Much has been discussed and written about the disappearing arts and crafts of India. This rich cultural heritage is fading out as craftspersons struggle to make ends meet. It is this realisation that has driven government initiatives and entrepreneurial ventures to help these artisans and preserve their art. These are artisans who have won national awards, but seldom get the right platform to exhibit or their work these days. The Luxury League marks an attempt to promote such craftspersons by inviting them to present their work and talk about their journeys.

Eco-friendly and sustainable art.

One participant at the event will be Huma Khan from Bhopal. She has earned a name for her zardosi work. Khan’s family has been involved in this profession for generations. She recalled that while this craft has been popular since the time of nawabs and begums, it has quickly fading from public memory. Today, there are fewer opportunities to learn and continue this art. So she organises training programmes to help develop the zardosi skills of women in her city. Till now, about 7,000 women have learned this craft from Khan.

According to Khan, there is still hope for these crafts. She said, “I got into this work because of my mother and I was appreciated. I find immense scope in zardosi work. I have witnessed that at various exhibitions.

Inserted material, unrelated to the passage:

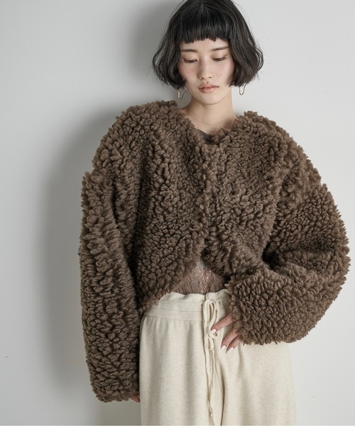 シーズンライクなボア素材で仕立てた、華やかなルックが魅力。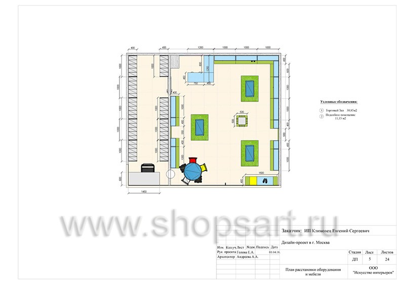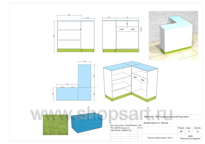18. Колористическое решение интерьера с видом торгового оборудования. Лист 5.

But the market does demand more.”

A zardosi piece by Bilal.

In her attempt to keep the tradition alive, Khan hasn’t restricted herself from experimentation. She keeps looking for new ideas and actively researches what the consumers demand. She said, “I keep experimenting with fabrics and designs, but I have found that quality matters the most. That remains my focal point.” For Khan, The Luxury League has provided her yet another dream platform to showcase her work. “I think I had been waiting for just this opportunity,” she said.

Another artisan who will participate in the event is Udit Narayan Baisla from Faridabad, Haryana. He has received several prestigious awards for his eco-friendly and sustainable art. Initially, he was a textile designer, and in 2014 Baisla was motivated to create a series of his “best-out-of-waste art” because of the government’s Swachh Bharat initiative. To do something creative with discard became Baisla’s mission.

Zardosi clutch by Huma Khan.

He went on to collect e-waste, such as cables, chargers, wires etc. to create pieces of art. He said about his vision, “The realisation that such waste can destroy the environment served as inspiration for me. My idea was not to let plastic go to the air, water or sand. Plastic waste shouldn’t go to garbage dumps; it should be reused in some form. So I decided to do something different. I got a good response. People called my work unique, but I never got a proper platform.”

It’s this platform Baisla has been looking for, not just to showcase his art, but also to spread his message about sustainable art. He thinks that it’s the responsibility of artists to take the sustainable route for their artworks and also help the environment by being creative with non-recyclable materials. He said, “I saw all these multicoloured wires that people just throw away and I got the idea to use them innovatively. We often overlook how plastic is damaging the environment by not getting recycled naturally. So as artists, if we can help to transform them, that’s what we should do. I felt as artists, we have a responsibility to use our skills for the betterment of society.”